Penampilan Rollies yang kuyup hujan pada malam kedua masih merupakan tanda-tanya. Karena mereka sendiri tidak dengan jelas menggariskan musiknya sehingga para peminatnya pun masih meraba-raba. Naga-naganya mereka akan mengawinkan jazz, rock dan musik klasik. Mereka yang suka lagu-lagu untuk "ajojing" tidak akan lama tertarik pada grup ini. Tetapi penonton yang suka menikmati musik sebagai musik, mungkin akan menganggapnya sebagai sebuah usaha yang berharga. Asal saja Rollies mampu melaksanakan perkawinan itu tidak hanya dalam lagu-lagu berbahasa Ingggeris, tapi lagu-lagu ciptaan mereka sendiri.
Cari yang aneh
Grup ini sebenarnya sudah berusia 9 tahun. Pernah menggegerkan karena pemain drumnya -- Iwan tewas di ujung jarum narkotik. Kini dengan pimpinan Benny Likumahua (Flute/sax) yang sering muncul bersama Jack Lesmana, Rollies mencoba tampil dengan formasi baru: Uce F Tekol (bass), Delly Joko (keyboard), TZ Iskandar (sax), Didiet Maruto (sax), Jimmy Manoppo (drum), Bonnie Nurdaya (gitar utama), Bangun Sugito (vokal), Benny sendiri sax. Rollies baru mengumpulkan 5 LP (2 buah di Singapura). Sejak 2 bulan yang lalu mereka teken kontrak di klab malam Flamingo. Berikut ini wawancara dengan Benny dan Gito.
Anda merasa masuk kelompok musik apa?
Kami tidak menyebut Rollies kelompok rock, kami belum berani menyebut kelompok apa. Tujuan kami memang untuk menjadi kelompok jazz rock yang baik. Tetapi kami sendiri bukan spesialis rock. Sudah terlalu banyak kelompok rock. Cari yang aneh sedikit. Jazz rock, oke, Funky, oke, juga sedikit klasik.

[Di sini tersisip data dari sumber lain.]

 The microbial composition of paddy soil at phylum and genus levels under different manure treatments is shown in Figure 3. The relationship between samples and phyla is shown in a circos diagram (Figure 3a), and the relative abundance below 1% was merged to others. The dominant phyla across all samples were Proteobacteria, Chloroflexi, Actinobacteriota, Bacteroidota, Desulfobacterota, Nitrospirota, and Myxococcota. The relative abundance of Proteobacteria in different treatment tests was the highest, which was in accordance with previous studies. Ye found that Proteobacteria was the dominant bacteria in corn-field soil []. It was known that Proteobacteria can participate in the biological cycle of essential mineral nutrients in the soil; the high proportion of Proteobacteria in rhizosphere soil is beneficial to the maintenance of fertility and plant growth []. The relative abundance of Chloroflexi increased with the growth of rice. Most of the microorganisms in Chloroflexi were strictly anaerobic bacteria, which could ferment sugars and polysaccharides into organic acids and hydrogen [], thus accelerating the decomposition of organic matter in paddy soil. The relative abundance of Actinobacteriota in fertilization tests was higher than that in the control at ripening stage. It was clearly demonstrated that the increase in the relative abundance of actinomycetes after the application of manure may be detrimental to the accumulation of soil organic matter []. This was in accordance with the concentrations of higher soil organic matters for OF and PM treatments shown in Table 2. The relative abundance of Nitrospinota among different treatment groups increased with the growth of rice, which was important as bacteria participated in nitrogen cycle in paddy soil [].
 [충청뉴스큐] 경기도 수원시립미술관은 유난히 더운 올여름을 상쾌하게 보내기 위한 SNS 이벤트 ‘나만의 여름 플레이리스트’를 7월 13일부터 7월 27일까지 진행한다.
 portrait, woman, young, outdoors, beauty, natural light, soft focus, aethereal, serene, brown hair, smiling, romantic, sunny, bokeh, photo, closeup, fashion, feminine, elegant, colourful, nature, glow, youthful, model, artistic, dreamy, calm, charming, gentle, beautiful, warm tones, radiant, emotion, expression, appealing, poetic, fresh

Mengapa condong ke jazz rock?
Memang sengaja kami arahkan ke sana dan ternyata kawan-kawan setuju. Alasannya, jazz rock lebih luwes dalam segi mendapatkan penggemar bisa lebih luas. Saya yakin orang-orang akan bisa menerima, meskipun mereka agak terlambat menerima musik-musik yang berat. Saya melihat jazz rock sudah punya publik, sementara golongan menengah ke atas. Publik musik di Indonesia memang masih kacau. Maksud saya, publik yang baik adalah publik yang tidak memaki-maki kepada jenis pertunjukan yang tak disukainya, paling mereka terus pergi.Jadi yang senang senang pop tak memaksakan nonton jazz yang senang jazz tak memaksakan diri nonton rock.
Kenapa Rollies main di klab malam?
Kami tidak mengingkari, kami butuh uang juga. Tapi yang penting, dengan bermain di klab malam kami sering bertemu, anggaplah itu suatu latihan. Kami memang sedang membina kekompakan.

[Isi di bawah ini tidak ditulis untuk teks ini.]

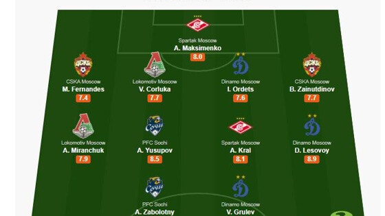 Нападающий «Сочи» Антон Заболотный получил наивысшую оценку от WhoScored среди игроков, принявших участие в матчах 10-го тура Российской Премьер-Лиги. Форвард сочинской команды получил оценку 9,7. Напомним, Заболотный оформил дубль в ворота «Ростова». В символическую сборную тура по версии WhoScored попали три игрока «Динамо» — Вячеслав Грулёв (9,0), Даниил Лесовой (8,9) и Иван Ордец (7,6). Остальные команды представлены двумя игроками: наряду с Заболотным в сборную включён хавбек «Сочи» Артур Юсупов (8,5), от «Спартака» в команду попали Алекс Крал (8,1) и Александр Максименко (8,0), от ЦСКА — Бактийор Зайнутдинов (7,7) и Марио Фернандес (7,4), от «Локомотива» — Антон Миранчук (7,9) и Ведран Чорлука (7,7). Стоит отметить, что защитник «железнодорожников» при этом отыграл всего 35 минут в матче с «Химками».
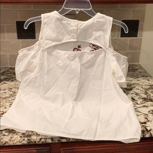 white shoulderless blouse with red embroidery. very cute and light for any season! women’s size small
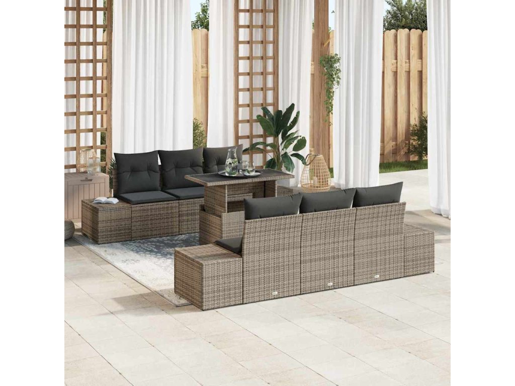 Set pohovek s polštářem 7 pcs Šedá polyratan [3349105]
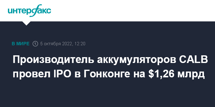 Москва. 5 октября. INTERFAX.RU - Китайский производитель литиевых аккумуляторов CALB провел IPO в Гонконге, разместив акции на сумму 9,86 млрд гонконгских долларов ($1,26 млрд).
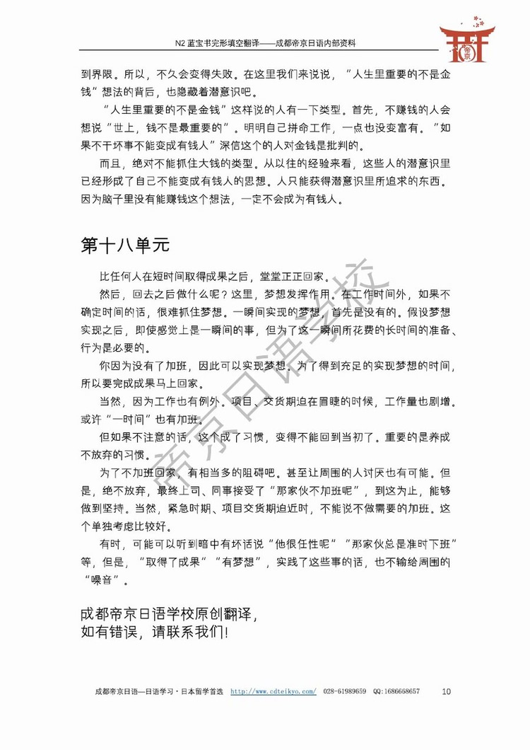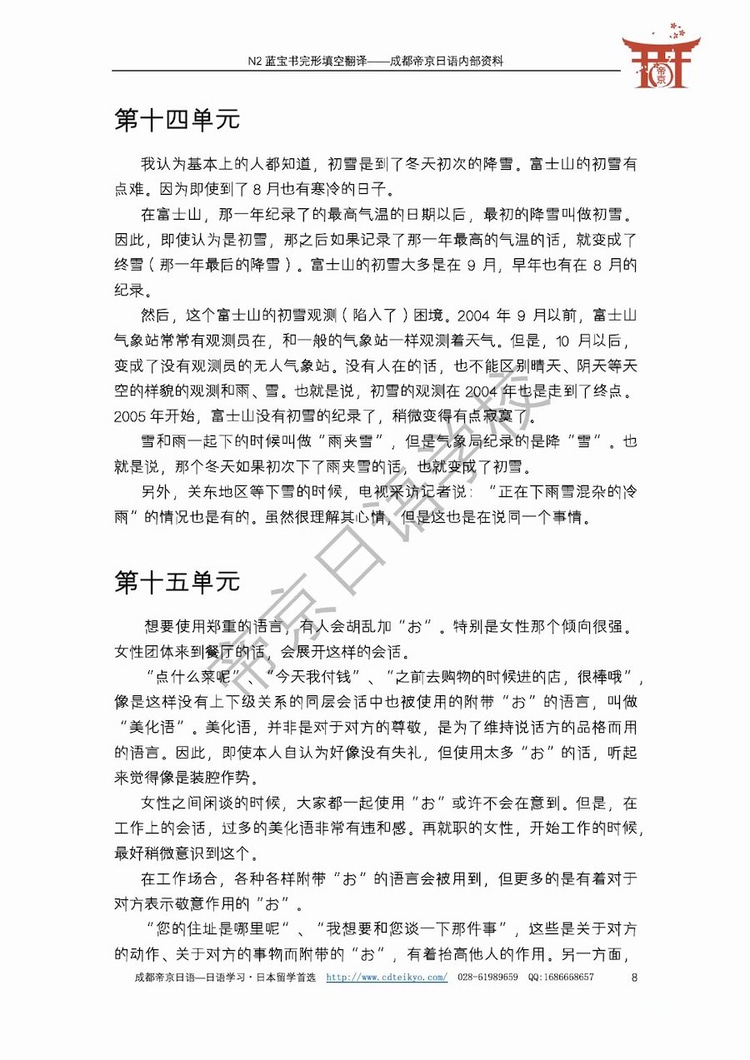 一直的努力也有了好的效果,帝京日语每年线下培训人数达1500人次,一直受到学员们的好评,全班能力考通过,学员考180分的情况层出不穷。粉丝群体也不断增多,帝京日语一直在摸索研究考试,已取得了显著效果,考试班所用的内部教材为多年教学积累的成果。每年我们都会将考级教材大部分内容免费分享给日语学习者,受到了大家的喜爱,此次资料也是多年积累的结果,希望能帮到大家的备考之路!
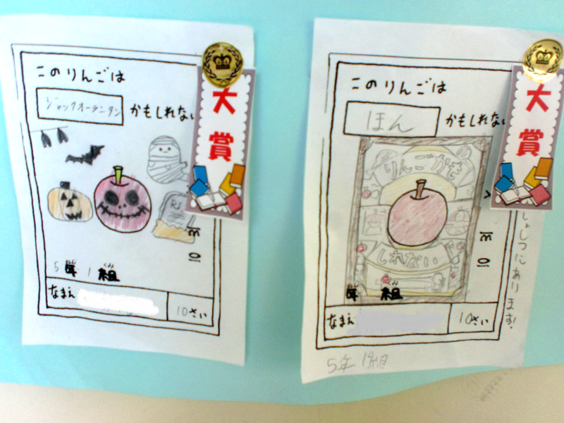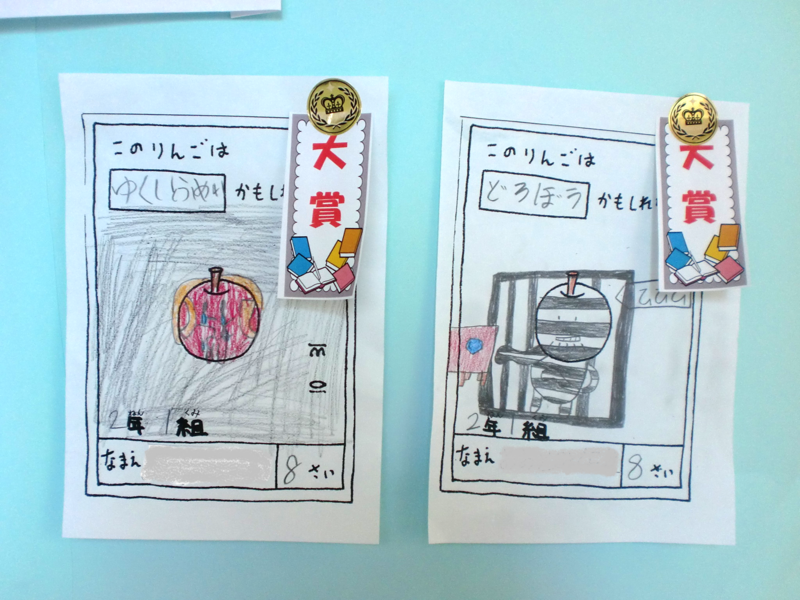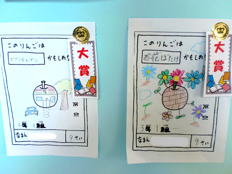 大賞作品のいくつかをご紹介します。ギャラリーには各学年の「このりんごは○○かもしれない」も掲示してありますので、来校した際はぜひご覧になってください。

Kenapa jarang membawakan lagu-lagu sendiri?
Kami tak punya kesempatan rekaman-rekaman lagi. Produser takut musik macam kami nggak laku. Tapi apa jeleknya membawakan karya-karya orang lain? Coba lihat Andy William dan Tom Jones kan mereka juga membawakan karya-karya orang lain?